Barger's Mill / Shawsville Mill / Walnut Grove Mill ruins
Montgomery Co. | Virginia | USA
Watersource: Spring Branch, South Fork Roanoke River.
Barger's Mill / Shawsville Mill / Walnut Grove Mill ruins
From I-81, take exit #128 to Shawsville. Go north on US 11 through Shawsville. As you leave Shawsville look for Sh 609 on the right. Turn right(east) on Sh 609 and go 0.5 miles to the mill ruins on the right.
The mill ruins are part of Walnut Grove Farm Historic District located about a half-mile east of Shawsville on Sh 609. The mill appears ton have met with some misfortune since the mid-1990's. It was reported to still have its overshot wheel and much of the milling machinery intact, inside about 1990. It was added to the National Register of Historic Places on 01/10/1991.
The ruins, located about 1500' further east of the other farm buildings and farmhouses, was built approximately around 1910 and was used primarily to produce graham flour, an ingredient in an early health food, graham crackers.
Later on, the mill was used to grind animal feed for the farm livestock. The 2.5 story frame & stuccoed mill was still standing in the early 1990's, stopping its feed grinding operation in the 1950's.
The mill was built by Capt. David Harvey Black Barger soon after he purchased the property in 1890. Barger retired to his native Montgomery Co. after making his fortune in railroads and in coal mining near Bluefield, West Virginia. *Update: The biographical data on Capt. Barger, my mother's father, had some mistakes that I would like to correct. To begin with, he was never a military officer -- he was only a young lad during the Civil War. His title was the courtesy title customarily given to the conductor of a train. During his career on the Norfolk & Western Railroad he advanced from station hand at New River (the small town near Radford Virginia, that he was born and raised in), to train conductor, to division superintendent, to claim agent for the entire railroad. He then left the N&W, around 1905, to get into the coal business in southern West Virginia and southwest Virginia. I was sorry to read that the mill had been destroyed by fire. It was still much in operation during my boyhood and I remember it well. Robert Lindsay Harvey 09/05/2009*
The mill contained three separate milling production operations: for Graham Flour, Corn Meal, and Buckwheat Flour. The mill was powered by a small diversion dam on top of a water falls on Boners Run. The early 20th century mill was of wood frame and stucco construction, and stood on the site of Sower's Mill. The mill was part of the Walnut Grove Farm and the Walnut Grove Historic District.
The 30 foot diameter by 3 1/2 foot face I-X-L Steel Overshoot Water Wheel driving the mill of Capt. D. W. Barger at Shawsville, Virginia, that was pictured in the I-X-L Overshoot Water Wheel Company which became the Fitz Water Wheel Company, Hanover, Pennsylvania, and Martinsburg, West Virginia. The mill of Capt. D. W. Barger, at Shawsville, Virginia, pictured in the classic 1928 catalog of the Fitz Water Wheel Company, Hanover, Pennsylvania, catalog shows a mill with a clerestory roof. That is the only grist or flour mills that \I have ever seen with a clerestory roof. It was more common with textile mills.

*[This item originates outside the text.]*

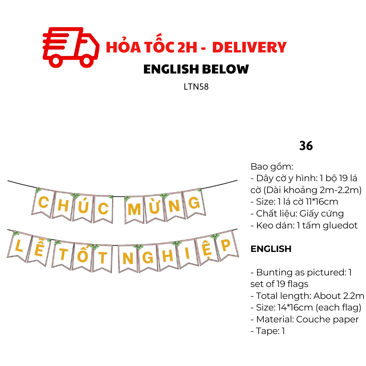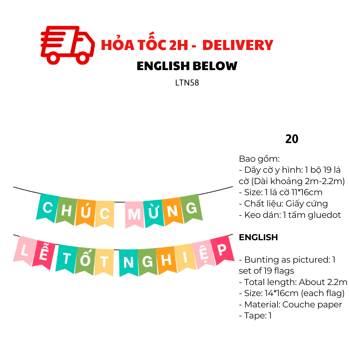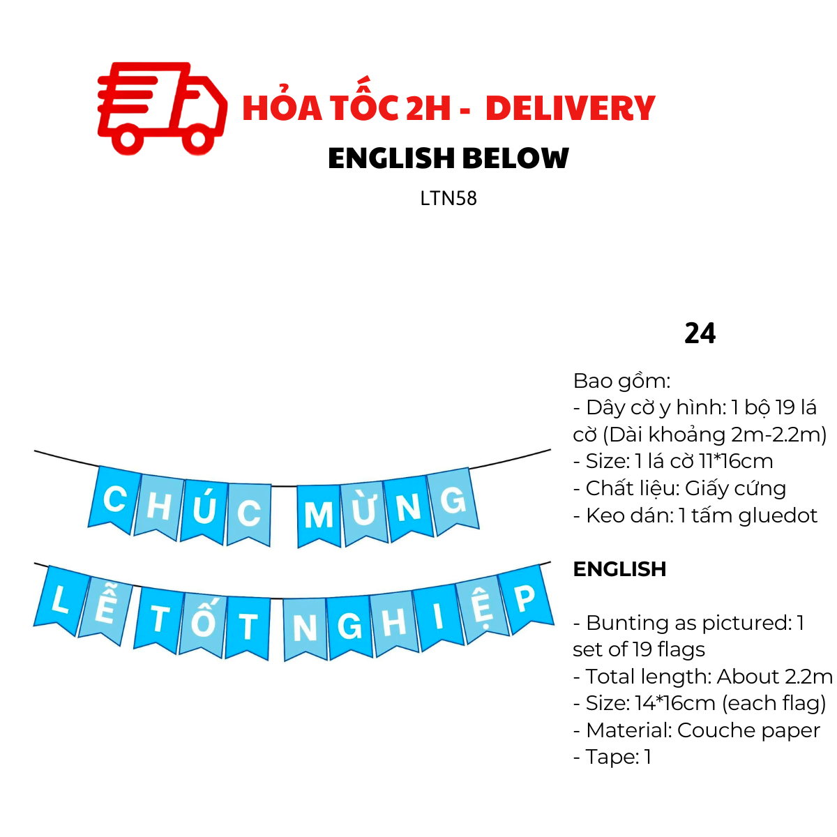 - Dây cờ y hình: 1 bộ 19 lá cờ (Dài khoảng 2m5)

Fire destroyed the mill on Thursday night of October 18th, 2007. The mill fire brought in fire crews from Christiansburg, Riner, Fort Lewis and Masons Cove. They were not able to draw enough water from the small stream next to the mill, and used a car wash on Roanoke Road to fill their tanker trucks. The mill had become, over the years, a favorite pull-over space just off of Route 11 for young people to drink alcohol. The family who owned the mill has expressed interest in rebuilding the mill.